How HEB Helped Texas During Winter Storm

Texans Needed Food and Comfort After a Brutal Storm. As Usual, They Found It at H-E-B.

As state government flounders, has a beloved grocery store chain become “the moral center of Texas”?
AUSTIN, Texas — The past week had been a nightmare. A winter storm, one of the worst to hit Texas in a generation, robbed Lanita Generous of power, heat and water in her home. The food she had stored in her refrigerator and freezer had spoiled. She was down to her final five bottles of water.

“I have never felt so powerless,” Ms. Generous, a copywriter, said.

But on Sunday, as the sun shined and ice thawed in Austin, Ms. Generous did the same thing as many Texans in urgent need of food, water and a sense of normalcy: She went to H-E-B.

“They’ve been great,” she said, adding with just a touch of hyperbole: “If it hadn’t been for the bread and peanut butter, I would have died in my apartment.”

H-E-B is a grocery store chain. But it is also more than that. People buy T-shirts that say “H-E-B for President,” and they post videos to TikTok declaring their love, like the woman clutching a small bouquet of flowers handed to her by an employee: “I wish I had a boyfriend like H-E-B. Always there. Gives me flowers. Feeds me.”
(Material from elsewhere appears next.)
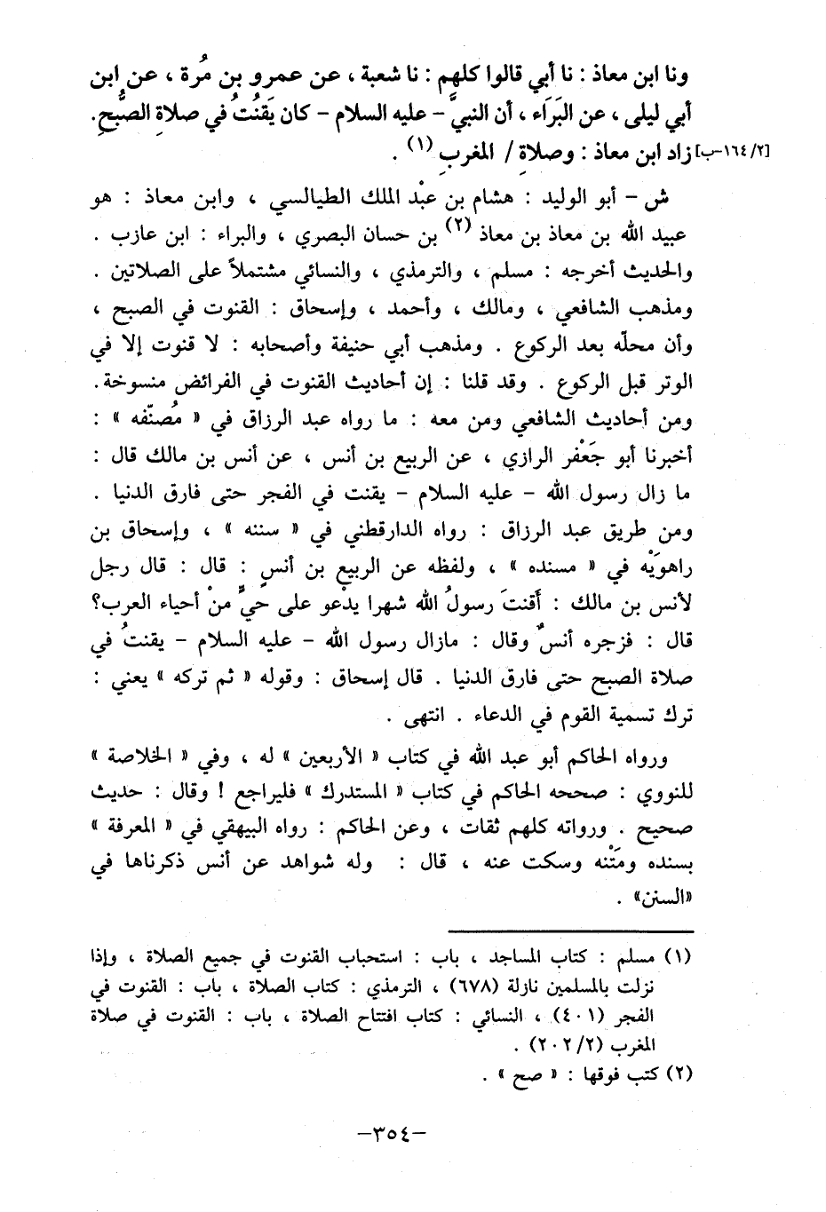 ونا ابن معاذ: نا أبي قالوا كلهم: نا شعبة، عن عمرِو بن مُرة، عن ابن أبي ليلى، عن البَرَاء، أن النبي- عليه السلام- كان يقنُتُ في صلاةِ الصبحِ. [2/ 164 - ب] زاد ابن معاذ: وصلاة/ المغربِ (1) .

The storm and its devastation have tested a notion of independence that is deeply ingrained in Texas, a sense that Texans and their businesses can handle things on their own without the intrusion of outsiders or the shackles of regulation.

It is an ideology evident in Texas’ decision to have a power grid of its own, one that was 
pushed by the storm to the edge of collapse and was a source of fury as millions were left without electricity during the worst of the frigid conditions.

But for many Texans, H-E-B reflected the ways the state’s maverick spirit can flourish: reliable for routine visits but particularly in a time of disaster, and a belief that the family-owned chain — with the vast majority of its more than 340 locations inside state lines — has made a conscious choice to stay rooted to the idea of being a good neighbor.

“It’s like H-E-B is the moral center of Texas,” said Stephen Harrigan, a novelist and journalist who lives in Austin. “There seems to be in our state a lack of real leadership, a lack of real efficiency, on the political level. But on the business level, when it comes to a grocery store, all of those things are in place.”